The lawsuit, which names the California Department of Corrections and Rehabilitation, specific correctional officers, and other defendants, also says that the plaintiffs were denied medical treatment for their injuries and prevented from filing grievances. The complaint was filed in November but is being highlighted now amidst the #MeToo movement calling attention to sexual violence.

"Most of us are inside because of the histories of violence and abuse that we experienced and then got caught up in," plaintiff Stacy Rojas, a former inmate of Central California Women's Facility in Chowchilla, where the alleged abuses occurred, said in a news release. "Just because we are in prison doesn't mean that we should not have our basic human rights protected. I do not want anyone else to go through what I did. My fellow inmates used to tell me that I was singled out because of my gender and because I advocated for myself and others."
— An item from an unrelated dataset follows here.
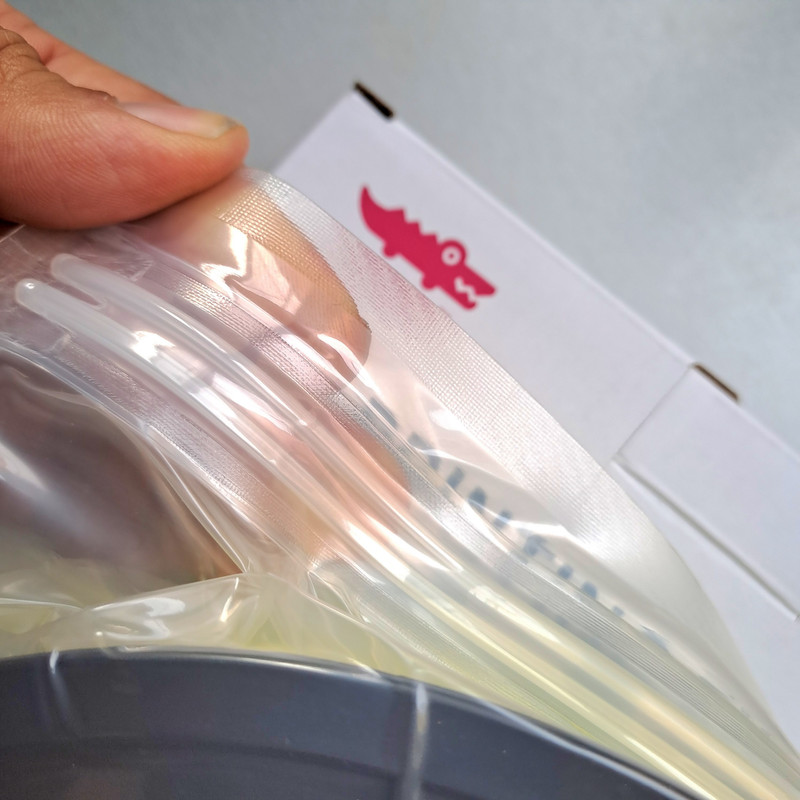 دارای گیره نگهدارنده انتهای مواد اولیه بر روی رول، پاکت زیپ کیپ دار برای حفظ کیفیت فیلامنت، تگ مقوایی برای جلوگیری از گره خوردن فیلامنت

Rojas, who's gender nonconforming and uses third person pronouns, was released in January 2017 and is now part of the legal advocacy team behind the case.

CDCR spokeswoman Vicky Waters declined to comment on the case, since the agency hasn't been served with the complaint.

The assaults originally took place in November 2015, when correctional officers attacked Rojas after Rojas warned they planned to complain to prison officials about guards' repeated harassment based on Rojas' gender, according to the lawsuit.

Rojas' cellmates were then allegedly attacked after they indicated they'd report the abuse of Rojas. The three inmates were confined for almost 12 hours in programming cages where they were stomped on and suffered other abuse, the complaint says. They were then placed in solitary confinement without any treatment for their injuries and prohibited from using the restroom.

When the three plaintiffs tried to report the abuse, officials claimed their complaints had been lost, and they were never told of the results of any investigations.

In January 2017, Isaac Medina, a trans man who was then an inmate and in a wheelchair, allegedly wasn't given access to his medication. Guards attacked him when he asked why he couldn't get his meds, according to the lawsuit. His head was smashed up against a brick wall and his pants were pulled down around his ankles during the assault, and Medina was put in a programming cage and blocked from using the restroom, the complaint says, and his injuries weren't treated.

"These incidents are part of a pattern of abuse at CCWF, part of a climate of increasing violence employed by correctional officers at CCWF against transgender, gender non-conforming and queer women prisoners," Sara Kershnar of the advocacy group California Coalition for Women Prisoners, said in the news release. "... They also re-traumatize people who have suffered sexual violence and homophobia and transphobia before they were incarcerated."

The complaint says that Medina's also known as Claudia Medina. Along with Rojas, the other plaintiffs are Ivett Ayestas and Sarah Lara. (CDCR data indicate Ayestas' first name is spelled "Yvett.")

Through the lawsuit, the plaintiffs are seeking compensatory damages and injunctive relief to prevent future wrongdoing.